Comparing numbers in string variables

Paul Pelzl

Join Date: May 2016

Posts: 24
#1

Comparing numbers in string variables

28 Sep 2016, 09:45

Dear all,

I have a dataset including two string variables, str1 and str2. Both display various pairs of numbers, in the style "A:B , A:B , ..." Suppose that for a given observation (row), str1 equals

"15000:4500 , 17540:5000 , 16000:1000"

(The "" are not part of the string, I just use them here for clarification; however, the comma inbetween pairs is part of the string)

and str2 equals

"15000:2000 , 19000:2000 , 16000:900 , 16490:400".

I would like to create a dummy variable wich takes 1 (and 0 otherwise) if:

a) There is at least one pair in str1 and str2 that share the same A

AND

b) for at least one such case (i.e. common A), the associated B in str1 is larger than the associated B in str2.

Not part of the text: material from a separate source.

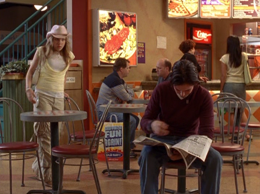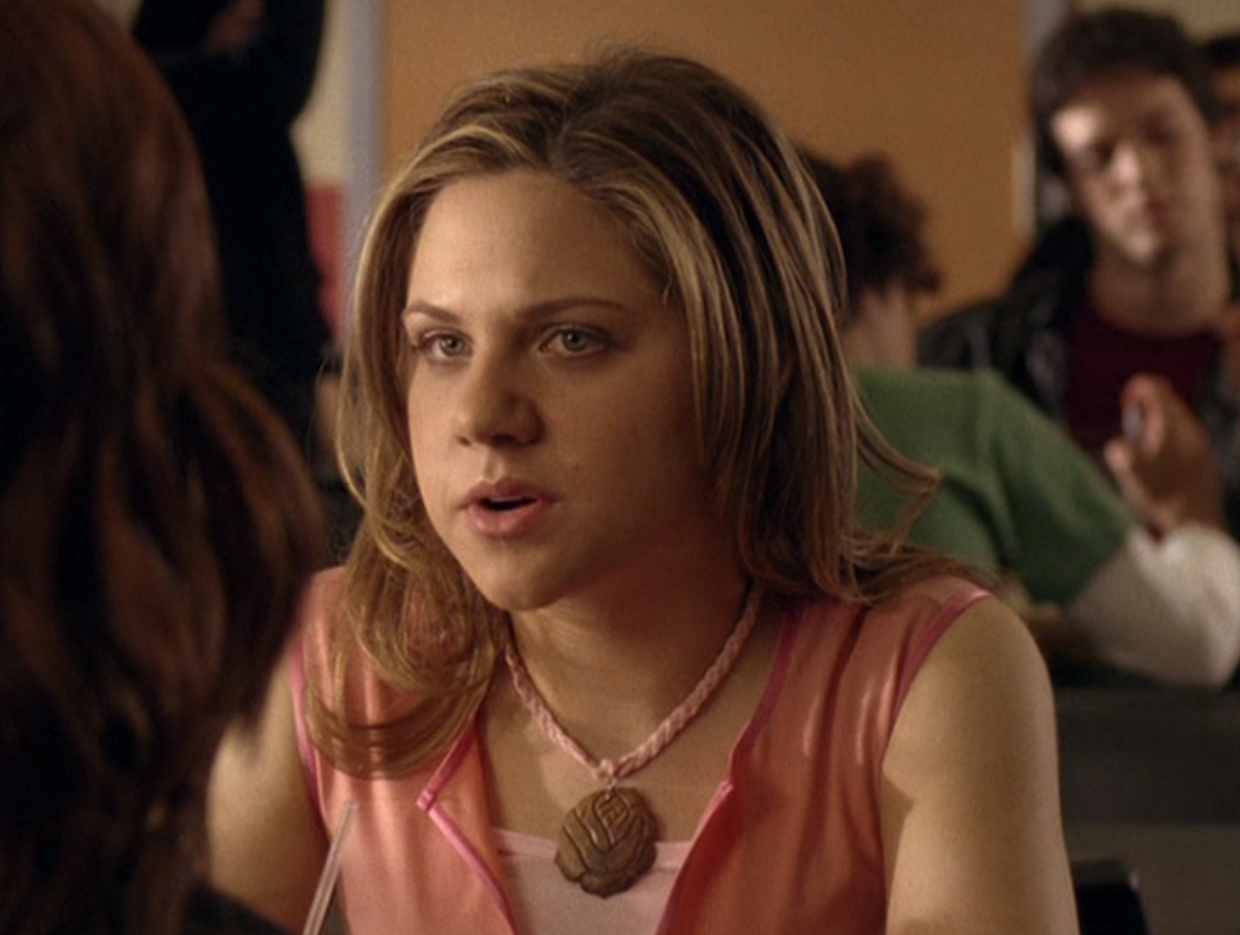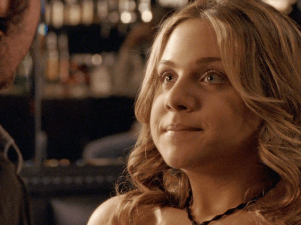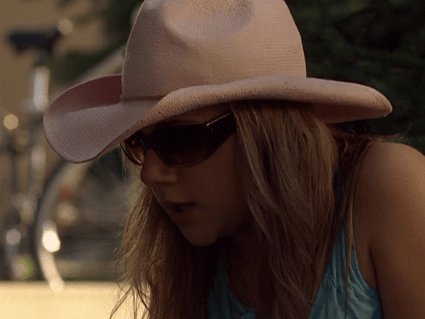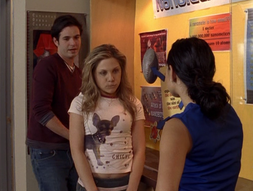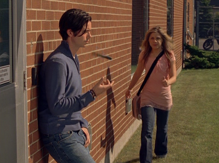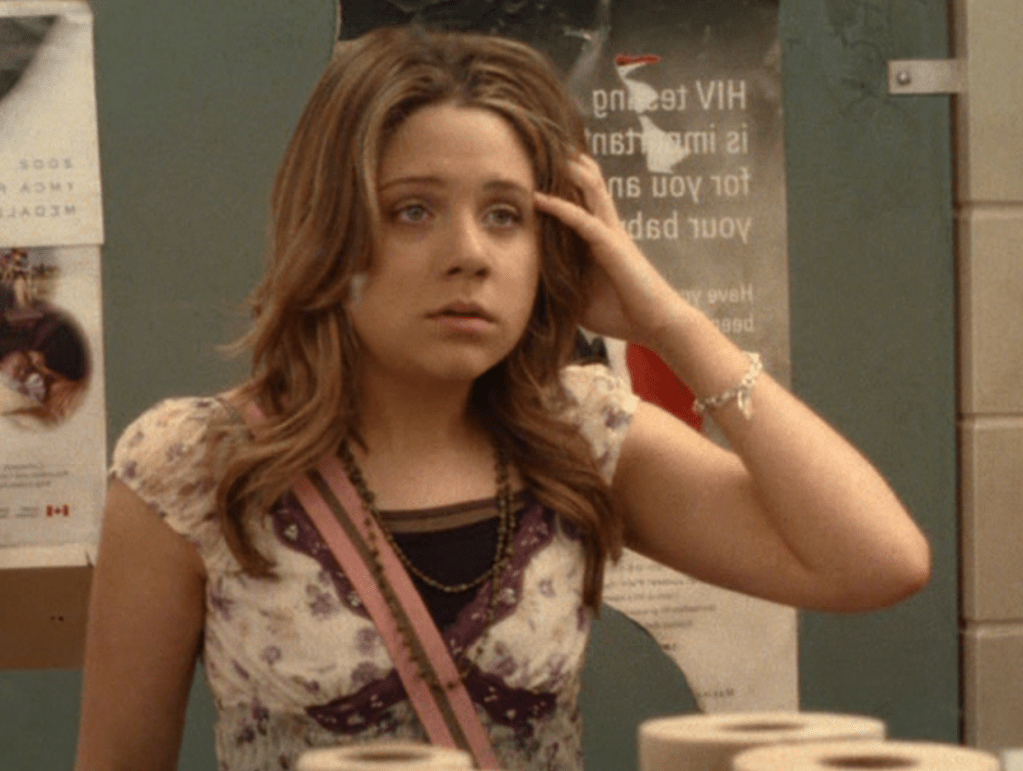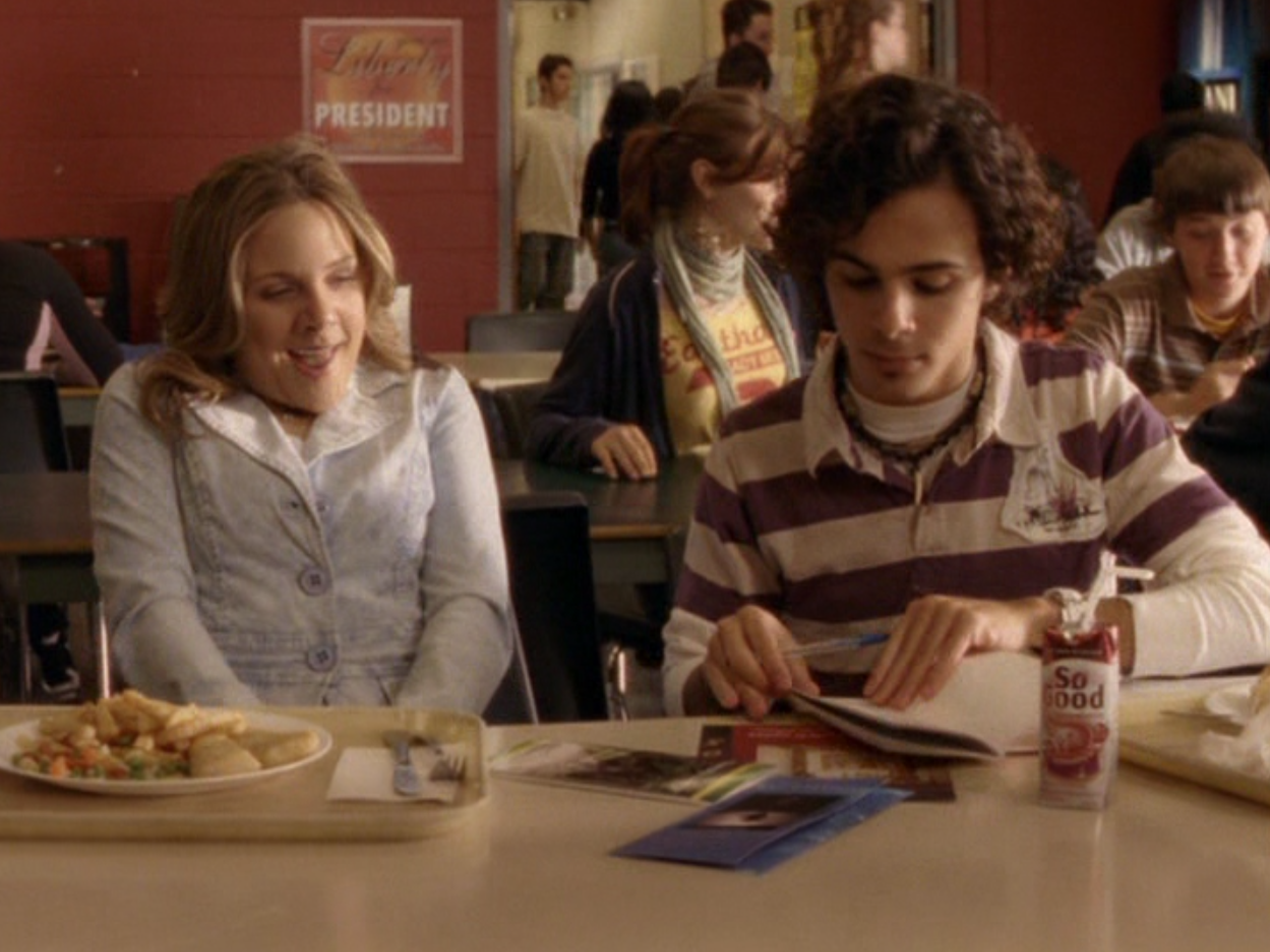 Ya know, I always think of Queen of Hearts as the Ellie + Alex episode, but it’s also quite big on Paige. I love how she looks in S4 – her hair, her grungy eye makeup. First she wears this tiny tee with a chihuahua on it. It looks like its name is “Chichi” lol. Next she’s at the movies with Matt. She wears casual flare cargo khakis, and ulta-low yellow cowl neck over a white shirt, and a random pink cowboy hat, which I kinda love. But in all actuality this outfit is pretty much awful. I mean, look at the size of those pockets on the khakis. Was she using those pants to smuggle food into the theatre? I guess, cuz ain’t nothing fitting into that mini purse. The next outfit, I love. It’s this gorgeous white off-shoulder top with flowers on it. Also, low rise janes and some kinda statement belt as per the 2000s requirements. And lastly, Paige wears her brown, scratchy work uniform and sneaks in a call on her flip phone.

In my above example, a) is satisfied because there are two cases of common A (where these A's are 15000 and 16000), and b) is satisfied because looking at the pairs with A=15000, we see that 4500 is larger than 2000. Therefore, the to-be-created dummy variable should take 1.

I have thought about this for a while and searched the Internet but could not find a hint or answer. I hope someone can help me out!
Tags: None
Clyde Schechter

Join Date: Apr 2014

Posts: 29967
#2

28 Sep 2016, 12:34

I believe this code will do it. I have changed the names of your variables from str1 and str2 to first and second, just to keep things a little clearer midway through the code.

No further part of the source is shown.